薛泰丰喝了杯酒,酒气冲头,看了一眼薛队长,说道:“你也不用那么愧疚了,当年的事情过去这么多年了,说那么多也没用,我知道你当初是想对上面积极表现,觉得村子里不能容下我一个和尚,所以吓唬我。”
薛泰峰重重地叹了口气,“其实这几天,我也反思我自己,是我太懦弱了,如果我就是要回村,就是死皮赖脸不管不顾,你们肯定也不能把我怎么样,或者我哪怕不回来,我也不应该一直躲着,让黑蛋以为我死了。
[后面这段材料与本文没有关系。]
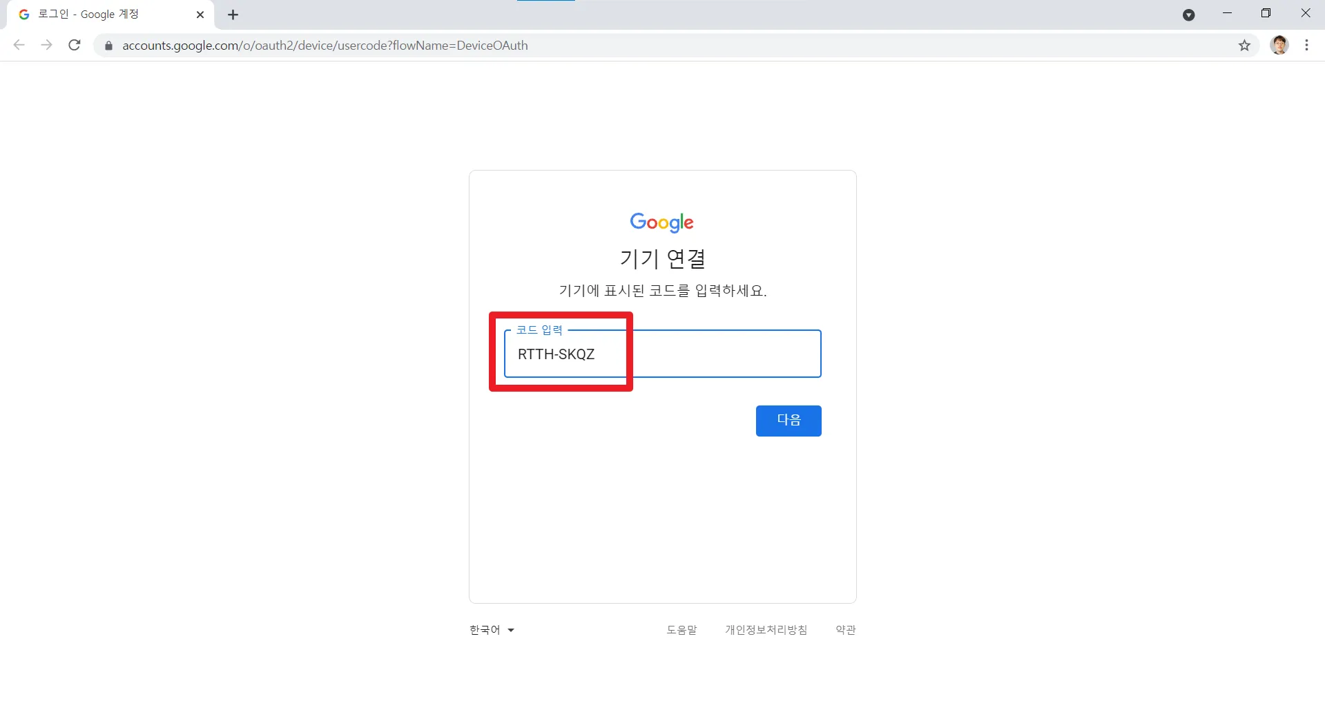2-2. 동시에 브라우저로 오픈된 사용자 코드 입력 페이지에 2-1에서 복사한 사용자 코드를 입력하세요

”
说到这儿,薛泰峰的眼泪掉了下来,“我娃儿心里有我,他干了这么多混事儿,都是因为心里有我。所以,要说赔罪,那我也得给你们赔罪!”
说罢,薛泰峰突然离开凳子,朝着几人跪在地上,咣咣咣在地上磕了三个响头,“这是我为薛洪刚磕的,我代他向乡亲们赔个罪!”
薛队长连忙扶他起来,其余几个村民长吁短叹,不知该说些什么。
那天晚上,薛泰峰在薛队长家住了一夜,第二天,他就搭村里去镇上送粮食的拖拉机走了。
从那以后,薛家庄人再也没有见过薛泰丰。
又过了半个月,呈雪露和苏世勋终于回到了河湾村。
离开薛家庄时,好多村民前来给他们送行,大家纷纷从家里拿来东西,把他们乘坐的拖拉机后斗塞得满满当当。
受伤的八个村民恢复情况很好,呈雪露可以放心回家了。
加上这段时间,村民们和胡馆长的接触,也了解了事情的前因后果,得知胡馆长不仅不是薛洪刚的帮凶,还在暗中帮助了孩子们,于是纷纷改变了对他的态度。
胡馆长也跟着乡亲们一起去送呈雪露他们,胡馆长送给他一本药学书,上面是他们家传的一些方剂。